Understanding the roi_coloc_overview columns

The exact set of columns depends on whether you analyze only the two primary channels or also an optional third analysis channel. The groups below explain the meaning of the standard columns.

ROI identity and object counts

• roi_id: integer ID of the ROI in the ROI label image.

• n_cells: number of segmented cell objects inside the ROI.

• n_marker_positive_cells: number of cells in that ROI that satisfy the configured marker-positivity rule.

• n_marker_objects: number of segmented marker objects inside the ROI.

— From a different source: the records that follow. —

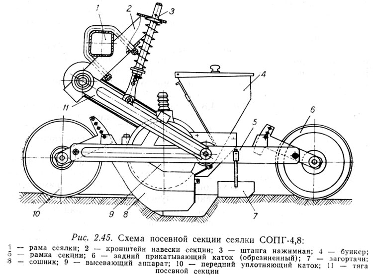 Секции этой сеялки двухопорные с параллелограммной подвеской, сошник килевидный с туаым углом вхождения. Задний прикатывающий каток является одновременно «присошниковым», т. е. он прижимает семена ко дну борозды до засыпки ее землей. Сеялка оборудована комкоотводом. Засыпка борозды (семян) почвой осуществляется с помощью загортача [148, 599].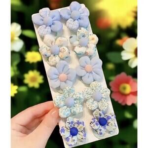 10Pcs Baby Hair Accessories Cute Blue Floral Ponytail Holder Soft Scrunchie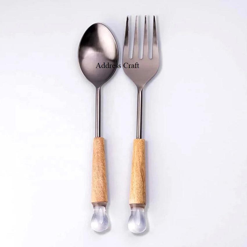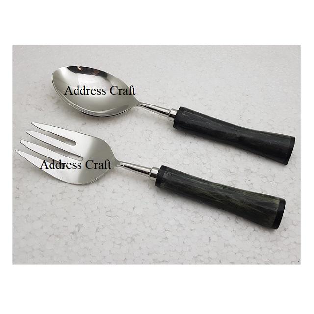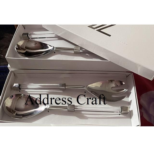 ชุดช้อนตักสลัดทำจากเหล็กเคลือบเงาพร้อมที่จับทำจากอะคริลิคใช้ในห้องครัวอุปกรณ์อัจฉริยะมีด้ามจับทำสลัด

If an optional third analysis channel is configured with additional cell-positivity evaluation, the following columns may also appear:

• n_optional_region_positive_cells: number of cells that are positive with respect to the optional third channel.

• n_marker_and_optional_region_positive_cells: number of double-positive cells, that is, cells that are positive for both the main marker channel and the optional third channel.

ROI geometry

• drawn_roi_area_px: 2D ROI area in pixels.

• drawn_roi_area_um2: 2D ROI area converted to square micrometers using VOXEL_SCALE_ZYX.

• roi_volume_voxels: analysis ROI volume in voxels. In a pure 2D workflow this is effectively the ROI area multiplied by the analyzed z-depth, which is usually one plane.

• roi_volume_um3: physical ROI volume in cubic micrometers.

These geometry values are the denominators for the occupancy metrics described below.

Cell-channel occupancy

These columns quantify how much of the ROI is occupied by the segmented cell channel:

• cell_occupancy_area_px_2d_projection

• cell_occupancy_area_um2_2d_projection

• cell_occupancy_coverage_2d_percent

• cell_occupancy_volume_voxels_3d

• cell_occupancy_volume_um3_3d

• cell_occupancy_coverage_3d_percent

Interpretation:

• the *_2d_projection columns describe the occupied area after projecting the segmented channel along z,

• the *_3d columns describe the occupied voxel volume in the analyzed stack.

For true 2D datasets, the volumetric values are still reported for consistency, but they effectively correspond to a single analyzed z-plane.

Marker-channel occupancy

The same metric family is reported for the segmented marker channel:

• marker_occupancy_area_px_2d_projection

• marker_occupancy_area_um2_2d_projection

• marker_occupancy_coverage_2d_percent

• marker_occupancy_volume_voxels_3d

• marker_occupancy_volume_um3_3d

• marker_occupancy_coverage_3d_percent

These columns are especially helpful when you want to compare how strongly the marker channel fills each ROI independently of the object-based positivity classification.

Optional third-channel occupancy

If an optional third analysis channel is enabled, a third block of occupancy columns is added with the prefix optional_region_:

• optional_region_occupancy_area_px_2d_projection

• optional_region_occupancy_area_um2_2d_projection

• optional_region_occupancy_coverage_2d_percent

• optional_region_occupancy_volume_voxels_3d

• optional_region_occupancy_volume_um3_3d

• optional_region_occupancy_coverage_3d_percent

These columns are useful for lesion coverage, infiltration coverage, tissue occupancy, or any other third-channel segmentation that should be summarized at the ROI level.

How to read the table in practice

As a simple reading strategy:

1. start with roi_id to identify the ROI,

2. check n_cells and n_marker_positive_cells to understand the object counts,

3. use drawn_roi_area_* and roi_volume_* to understand the ROI size,

4. compare the different *_occupancy_* blocks to quantify how strongly each segmented channel fills the ROI.

This makes roi_coloc_overview the most useful sheet for quick ROI-level quality control and for compact downstream statistics.

Adapting this tutorial to your own data

To reuse this workflow for your own 2D microscopy project, the most important places to adapt are:

• DATA_PATH

• CHANNEL_CONFIG

• DISPLAY_NAMES

• VOXEL_SCALE_ZYX or automatic metadata-based scaling

• CELL_MODEL_CONFIG

• MARKER_MODEL_CONFIG

• COLOCALIZATION_CONFIG

• USE_FULL_IMAGE_AS_SINGLE_ROI and REUSE_EXISTING_ROI_MASK_IF_AVAILABLE

For a first pass on a new 2D dataset, a very practical strategy is:

1. start with whole-image mode,

2. verify that the segmentation backend and thresholds are reasonable,

3. switch to ROI mode only if you need spatial restriction,

4. use cache-based refinement for final tuning,

5. export only after the result looks correct in napari.